REQUIREMENT: With the pictures omitted, repeat exactly the lines below starting with the line that has "Store leftovers in" and going on through the line that has "Visit Proof |".

Records from a collection:

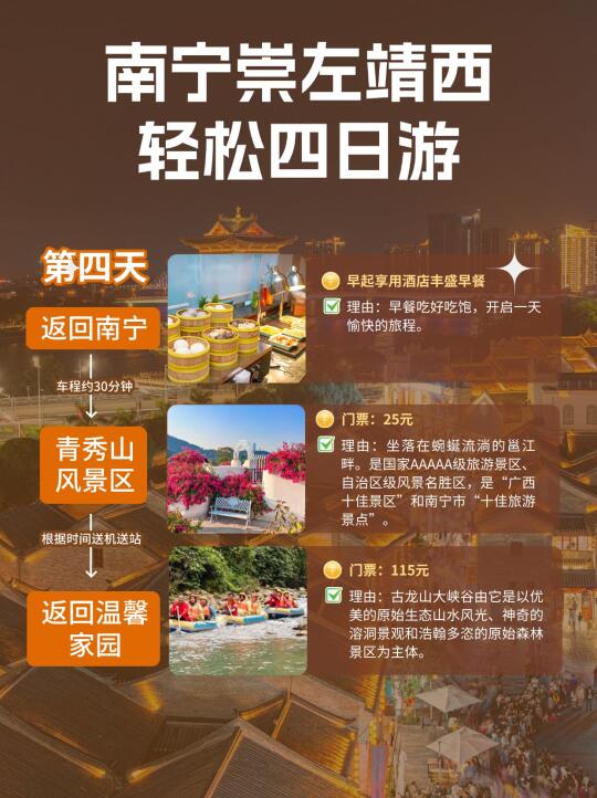 DAY4:南宁市区自由活动→ 赠送青秀山风景区门票(自行抵达)→ 游玩结束→ 专车送往机场或火车站
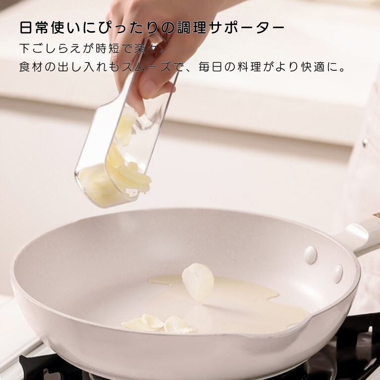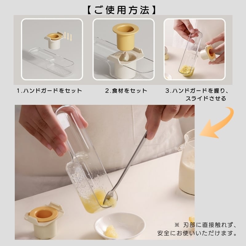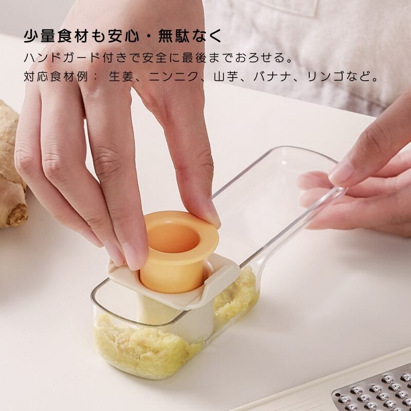 刃に直接触れる心配がなく、小さい一片のニンニクや生姜も最後まで安心しておろせます。無駄なく、安全に使い切れる設計です。
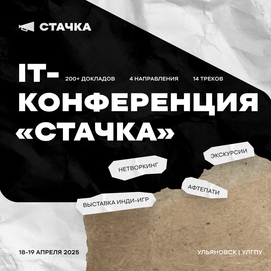 IT-конференция «Стачка» проводится с 2012 года. В 2025 году состоится дважды: 18-19 апреля в Ульяновске (УлГПУ), 2-3 октября в Питере (COSMOS Прибалтийская).
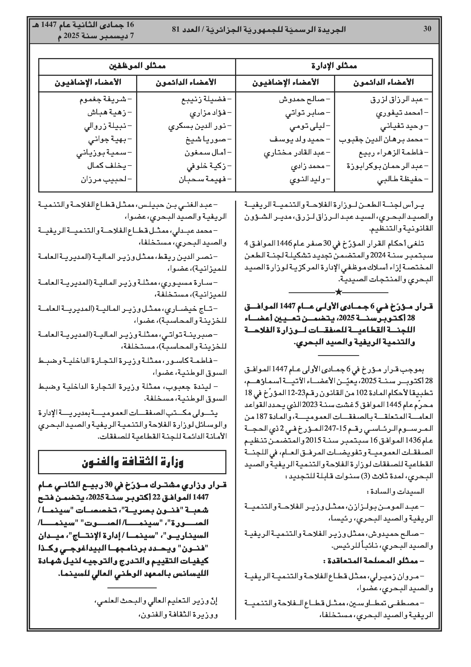 قرارات مشتركة تتعلق بالتكوين الفني العالي وحماية التراث الثقافي المادي.
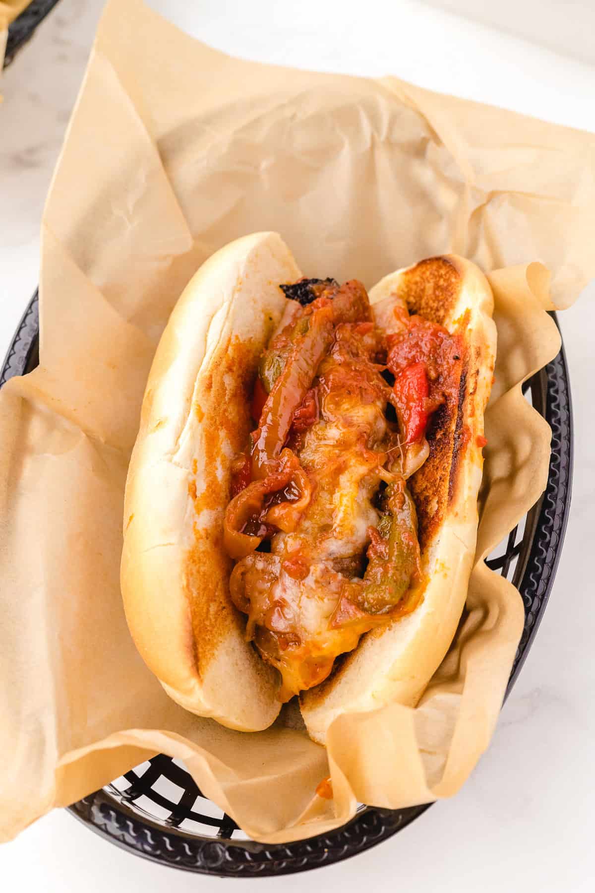 Store leftovers in an airtight container for up to 3 days. Reheat in a skillet or microwave until hot. Freeze the sausage and peppers without the cheese for best texture, then add cheese after reheating.
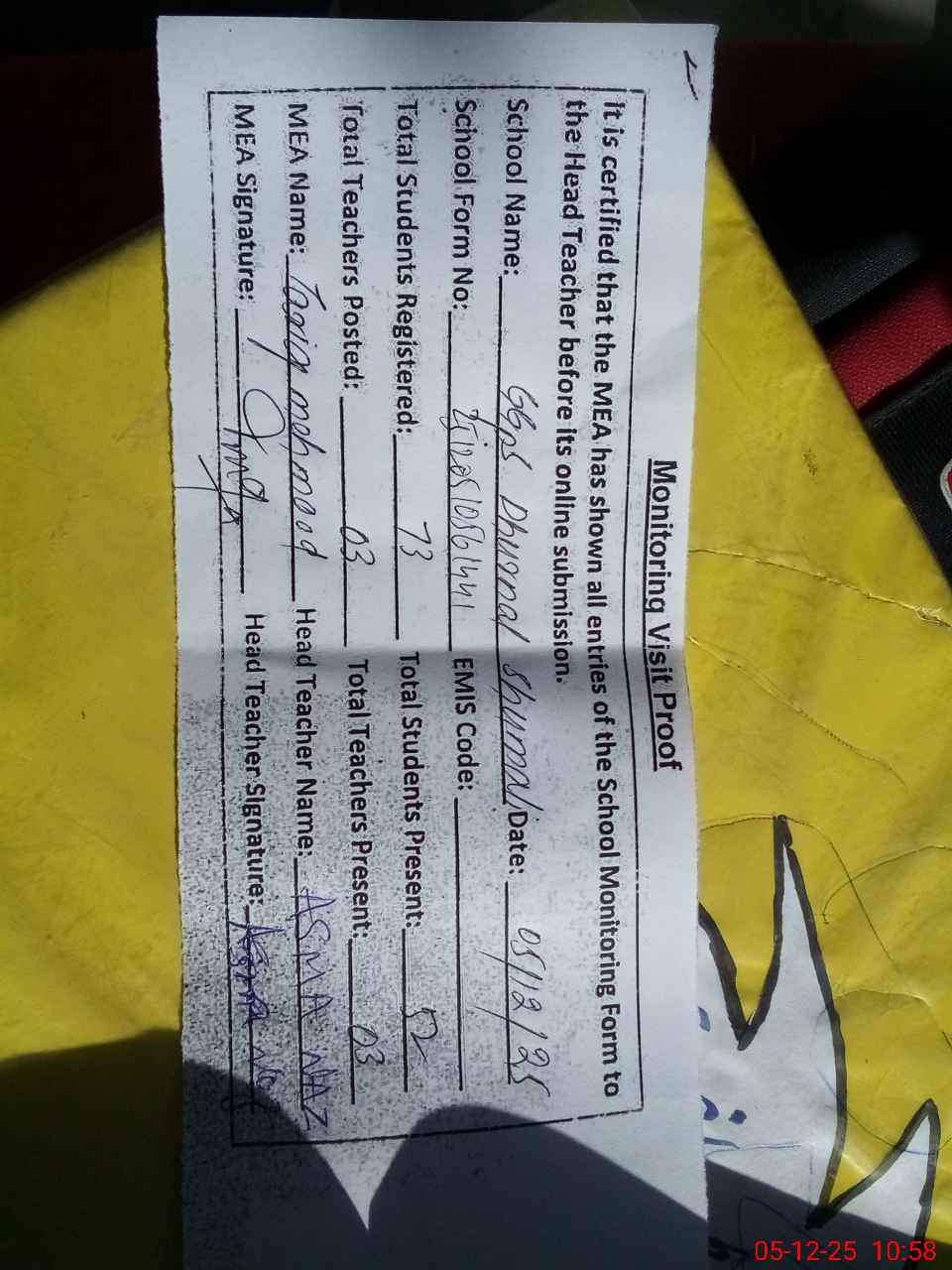 | Attendance Register | Head Teacher | MEA with School | Visit Proof |
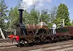 Static Display | Built 1857, latterly owned by the Wantage Tramway. Steamed in 1970s but examination indicated that too much historic material would need replacing to return it to working condition, so remains on static display in 1920s red livery.[6] |
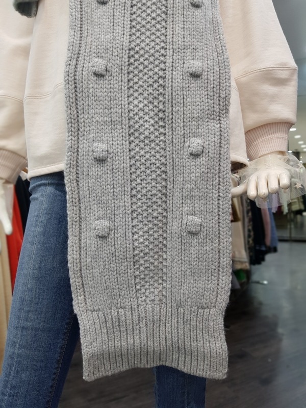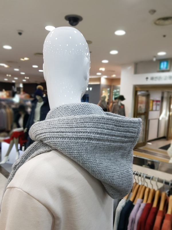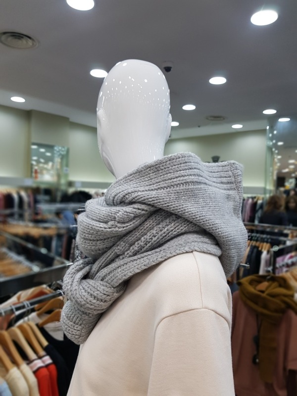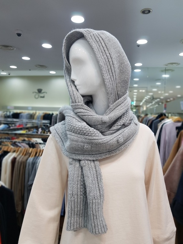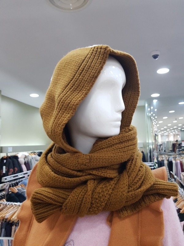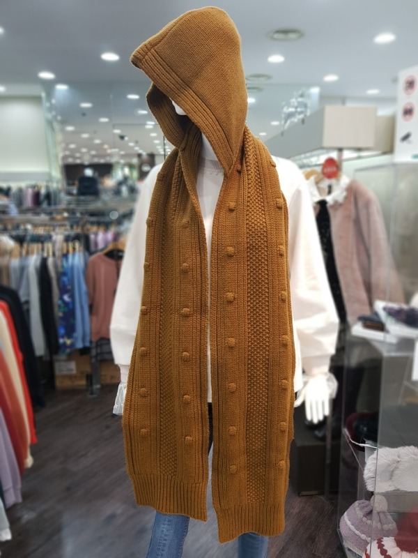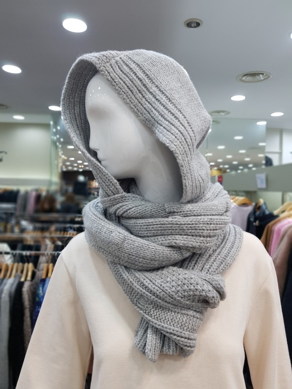 니트 짜임이 이쁜 모혼방의 머플러로 기장이 길고 모자가 달려있어 다양한 연출이 가능합니다.

SOLVED EXERCISE:
 Store leftovers in an airtight container for up to 3 days. Reheat in a skillet or microwave until hot. Freeze the sausage and peppers without the cheese for best texture, then add cheese after reheating.
 | Attendance Register | Head Teacher | MEA with School | Visit Proof |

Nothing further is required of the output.